On histograms fills and data dependency: Potential misuse of `Fill`, its consequences, and possible additional ROOT feature

Dear ROOT experts,

    I will take here the example of TH1, but this holds true for any histogram, in any dimension, whenever the storage of the sum of squares of weights has been triggered.

When a histogram is filled with a weight, the weight is immediately squared and stored as such. The running sum of squared weights is eventually used to compute the bin error, with the trivial formula.

For the bin error to be correct, this implies that consecutive calls to Fill need to be performed on independent data.
However, on the user side, this actually implies having an extra histogram object, keeping track of the data encountered within the event. Indeed, within an event (within which data is not independent), and for each bin, one needs to sum up the counts (weights) which are encountered (with no square).
At the end of each event, this extra histogram can be flushed into our histogram (with Fill or FillN): for each bin, the weight is then event-based, hence independent from the next event Fill, hence can be squared.

    In practice, it seems that Fill is actually misused: it is not always kept in mind that Fill can be called on independent data only, and that one should hence create extra histograms on call site (in addition to the ROOT histograms). Instead, histograms are directly filled, and there can be several calls to Fill within the same event.

Let’s take the example of the CMS experiment framework.
In the analyzers, at the end of each event, one typically loops on a collection of non-independent objects, which were collected during the event: particles, vertices, digis, clusters, tracks, secondaries, etc.
For a given histogram, Fill can hence be called several times per event, on non-independent objects.

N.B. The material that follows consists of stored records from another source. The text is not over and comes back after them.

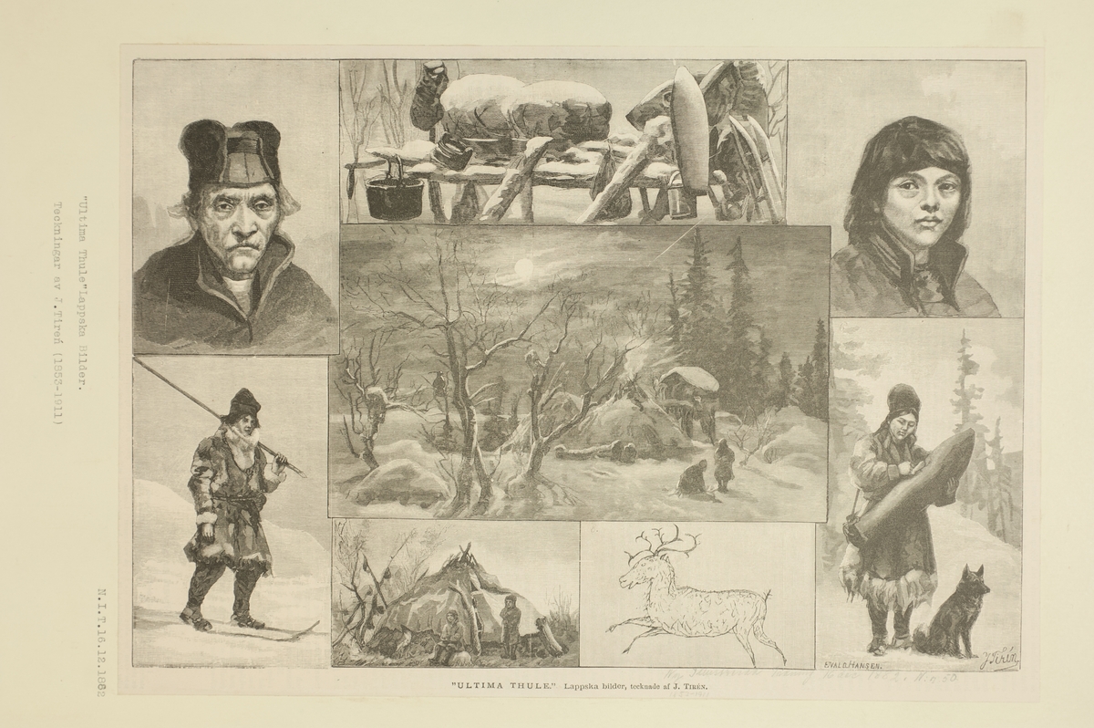 Grafiskt tryck. "Ultima Thule", collage av bilder med samiska motiv. Tecknade af Johan Tirén (1853-1911).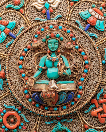 This wonderfully handcrafted Spiritual Meditation Wall Hanging will add a profound sense of tranquility and spiritual elegance to your space. This fantastic artwork, measuring 30cm in height and 29cm in width, makes an excellent focal point for meditation rooms, yoga studios, spiritual sanctuaries, or any other location dedicated to mindfulness and inner peace. This wall hanging, crafted from copper, silver, and gold plating, is adorned with genuine natural stones, including lapis lazuli, turquoise, and coral, each carefully selected for its spiritual significance and energetic properties.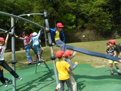 普段では遊べない遊具に子どもたちのアドレナリンは最高潮に達しました。「遊んでいいよ」と言うと,「待ってました」とばかりに遊具に向かって走っていきました。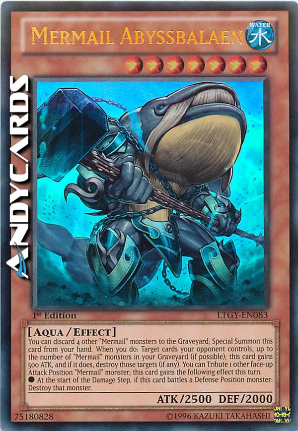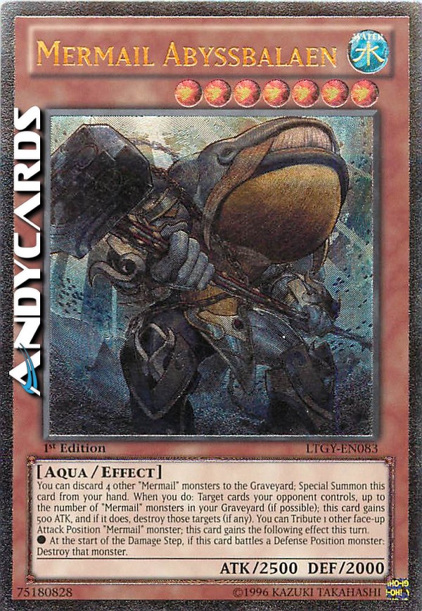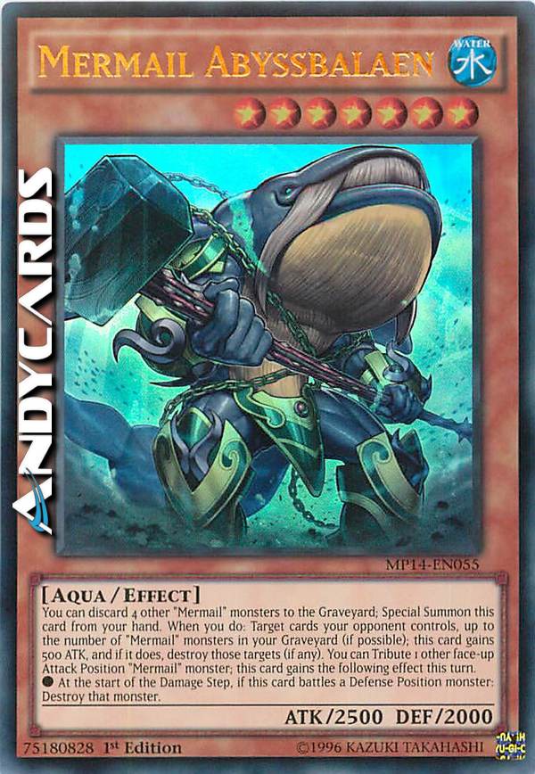 You can discard 4 other "Mermail" monsters to the Graveyard; Special Summon this card from your hand. When you do: Target cards your opponent controls, up to the number of "Mermail" monsters in your Graveyard (if possible); this card gains 500 ATK, and if it does, destroy those targets (if any). You can Tribute 1 other face-up Attack Position "Mermail" monster; this card gains the following effect this turn.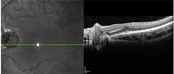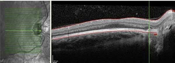 Рис. 2. Смещение ретинальных сосудов и эктопия макулы в носовую сторону (данные ОКТ).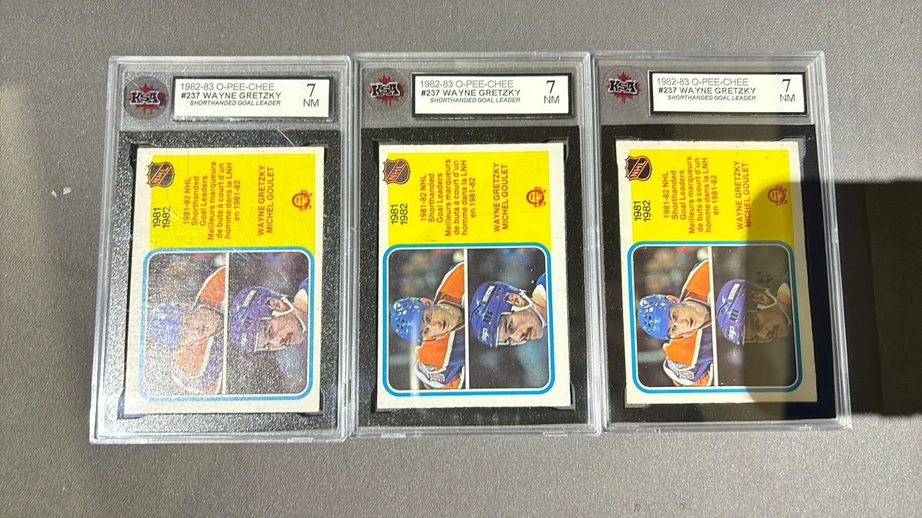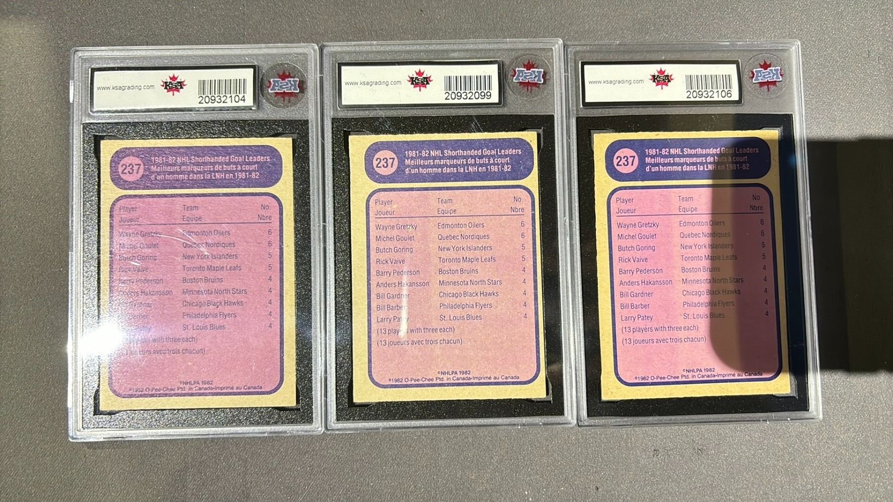 3 1982-1983 O-PEE-CHEE WAYNE GRETZKY SHORT HANDED GOAL LEADER #237, KSA GRADED - 7NM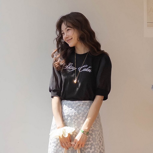 正韓 天絲柔美薄紗泡泡袖 珍珠字母T上衣【B75321】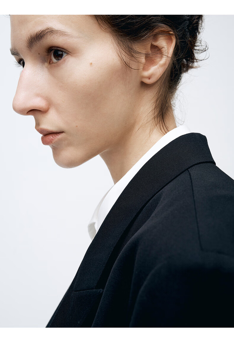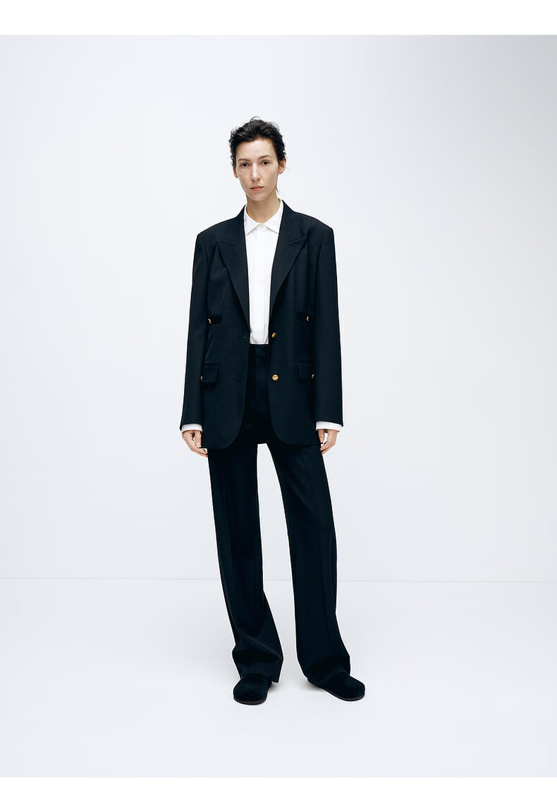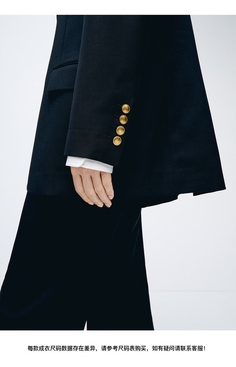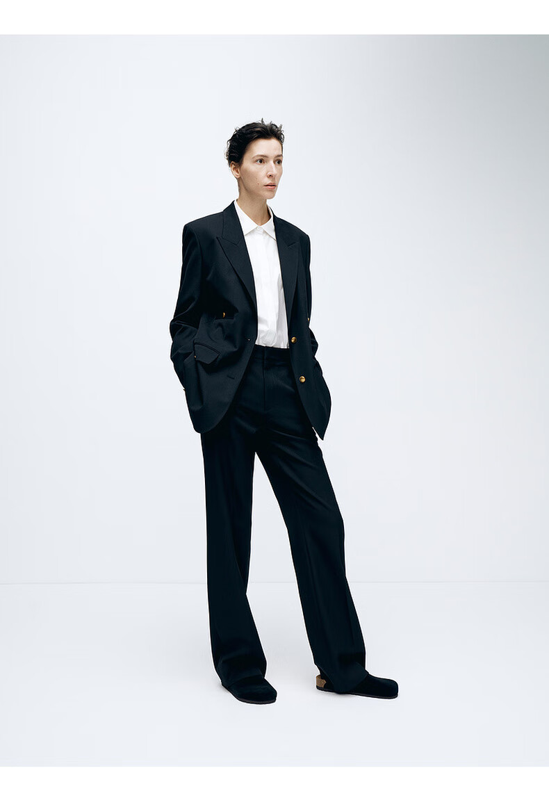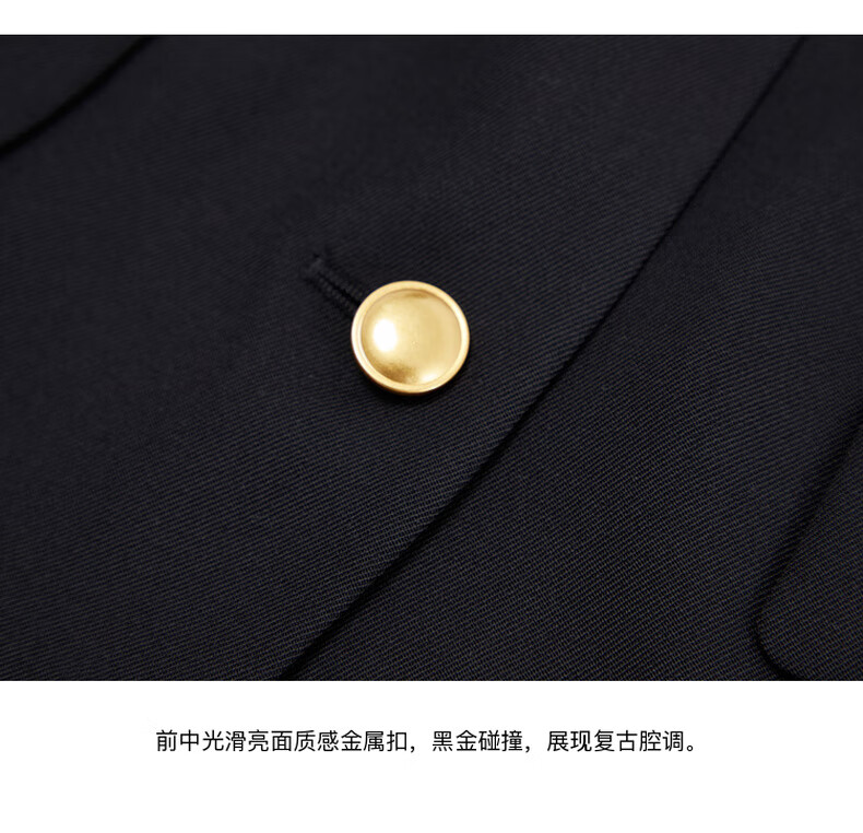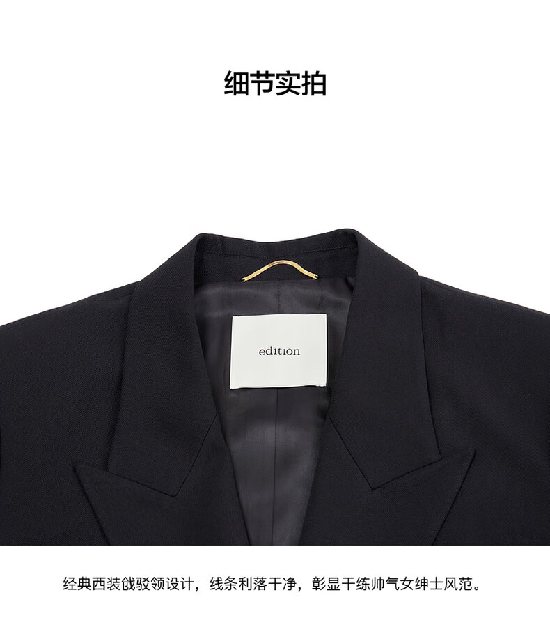 edition【高圆圆同款】西装外套春新款复古戗驳领黑色羊毛精纺女绅士 黑色K01 S (160)

I just give an example here, but this is a general pattern, observed in many analyzers across the CMS framework. I did not have a look at the other experiments frameworks.

I noticed this issue in a G4 branch, where there is a similar issue. There are histogram classes with the same Fill implementation as ROOT, and the same misuse. I was observing a discrepancy in bin errors, with respect to what is obtained with a different histogramming toolkit (which supports within-the-event fills).

With this type of misuse, histogram bins errors are obviously underestimated (for a given bin, squares of partial weights are performed, instead of squaring the full events weights).

This obviously seems too huge to be true – yet, what am I overlooking?

    While this would anyway be a misuse of the ROOT histograms interface, it would potentially be beneficial to directly add support for within-the-event fills. This would make the user think which situation is relevant (are my fills really independent from each other?), and avoid the needed duplication on all call sites of code dealing with an extra within-the-event histogram.

Let’s take the example of TH1. We need a third array to store the within-the-event info (let’s call it fEventSumw.fArray).
An extra TH1::FillWithinEvent(bin, weight=1) public member function could be used to sum up the weights (not their squares) into that array.
An extra TH1::EndOfEvent() public member function would be used by the user to signal that the end of event is reached. Internally, it flushes the content of the within-the-event array into the existing fArray and fSumw2.fArray (could call Fill, or FillN). For each (bin, weight) in fEventSumw.fArray: fArray[bin] += weight, fSumw2.fArray[bin] += weight^2 (and fEventSumw.fArray[bin]=0).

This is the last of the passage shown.